§ **THE TASK**
Look below for the line that has "2017年3月を以てアプリの"; output exactly from it through the line that has "Omnia Kit 2", and leave the pictures out.

§ **RECORDS SUPPLIED**
★ ★ ★ ★ ★

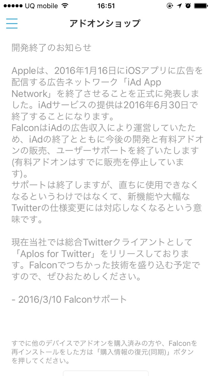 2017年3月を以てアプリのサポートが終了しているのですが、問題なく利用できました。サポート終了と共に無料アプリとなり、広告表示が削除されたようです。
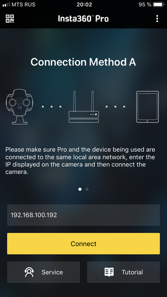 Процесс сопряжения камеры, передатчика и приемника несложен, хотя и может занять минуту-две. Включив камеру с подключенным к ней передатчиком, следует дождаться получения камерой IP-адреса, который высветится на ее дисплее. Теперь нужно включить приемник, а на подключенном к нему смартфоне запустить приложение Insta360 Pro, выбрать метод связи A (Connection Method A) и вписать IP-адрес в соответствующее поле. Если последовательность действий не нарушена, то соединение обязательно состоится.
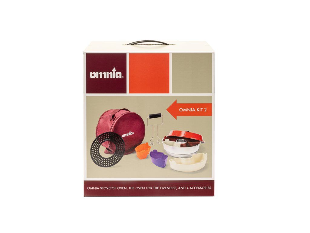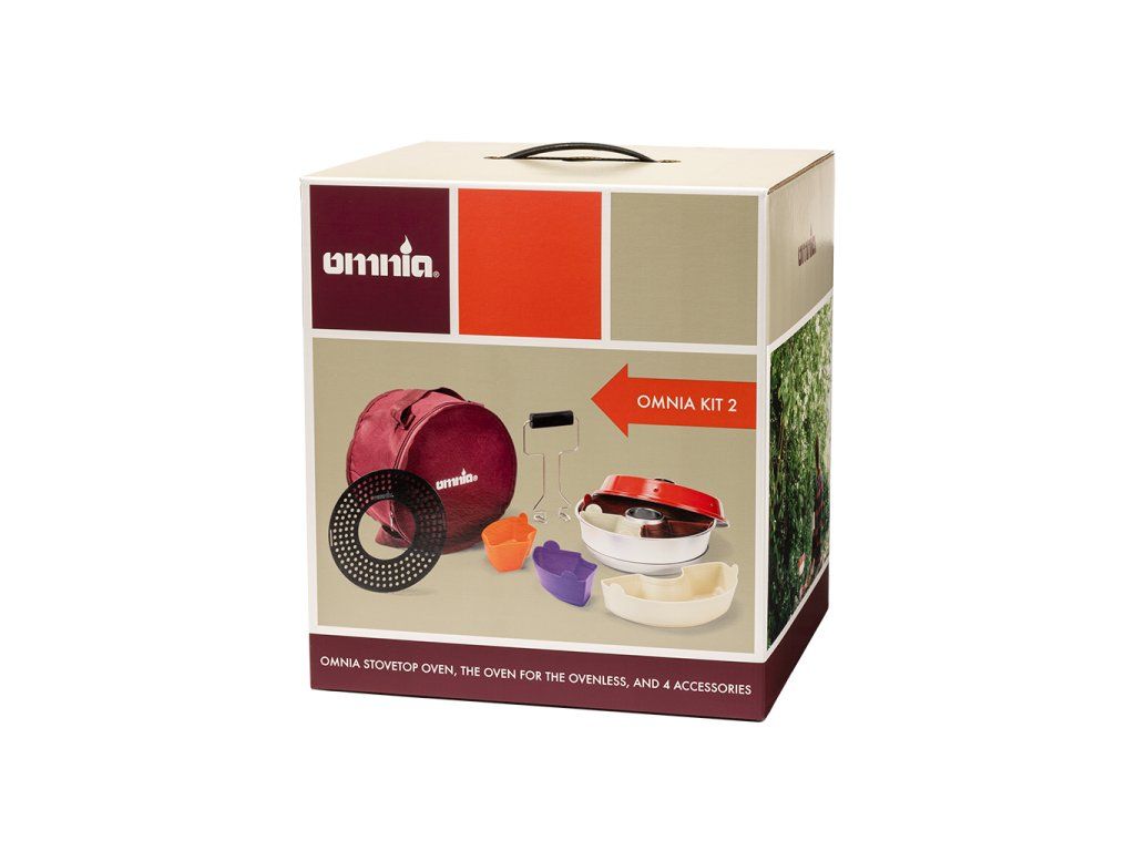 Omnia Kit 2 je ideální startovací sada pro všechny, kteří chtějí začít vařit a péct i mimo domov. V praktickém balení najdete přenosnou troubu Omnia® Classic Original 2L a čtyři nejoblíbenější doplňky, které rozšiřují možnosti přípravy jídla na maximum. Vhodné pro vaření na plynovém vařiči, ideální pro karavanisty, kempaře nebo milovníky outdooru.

★ ★ ★ ★ ★

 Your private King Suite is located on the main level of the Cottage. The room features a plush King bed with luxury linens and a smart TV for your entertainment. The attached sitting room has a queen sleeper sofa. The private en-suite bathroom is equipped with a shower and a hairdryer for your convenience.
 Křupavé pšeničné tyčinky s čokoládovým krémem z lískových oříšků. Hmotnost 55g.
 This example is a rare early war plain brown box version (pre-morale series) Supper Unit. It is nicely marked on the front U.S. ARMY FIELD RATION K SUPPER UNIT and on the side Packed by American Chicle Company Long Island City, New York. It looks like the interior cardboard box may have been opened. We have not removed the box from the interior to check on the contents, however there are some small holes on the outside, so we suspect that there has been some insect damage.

★ ★ ★ ★ ★

§ **RESPONSE TO THIS TASK**
 2017年3月を以てアプリのサポートが終了しているのですが、問題なく利用できました。サポート終了と共に無料アプリとなり、広告表示が削除されたようです。
 Процесс сопряжения камеры, передатчика и приемника несложен, хотя и может занять минуту-две. Включив камеру с подключенным к ней передатчиком, следует дождаться получения камерой IP-адреса, который высветится на ее дисплее. Теперь нужно включить приемник, а на подключенном к нему смартфоне запустить приложение Insta360 Pro, выбрать метод связи A (Connection Method A) и вписать IP-адрес в соответствующее поле. Если последовательность действий не нарушена, то соединение обязательно состоится.
 Omnia Kit 2 je ideální startovací sada pro všechny, kteří chtějí začít vařit a péct i mimo domov. V praktickém balení najdete přenosnou troubu Omnia® Classic Original 2L a čtyři nejoblíbenější doplňky, které rozšiřují možnosti přípravy jídla na maximum. Vhodné pro vaření na plynovém vařiči, ideální pro karavanisty, kempaře nebo milovníky outdooru.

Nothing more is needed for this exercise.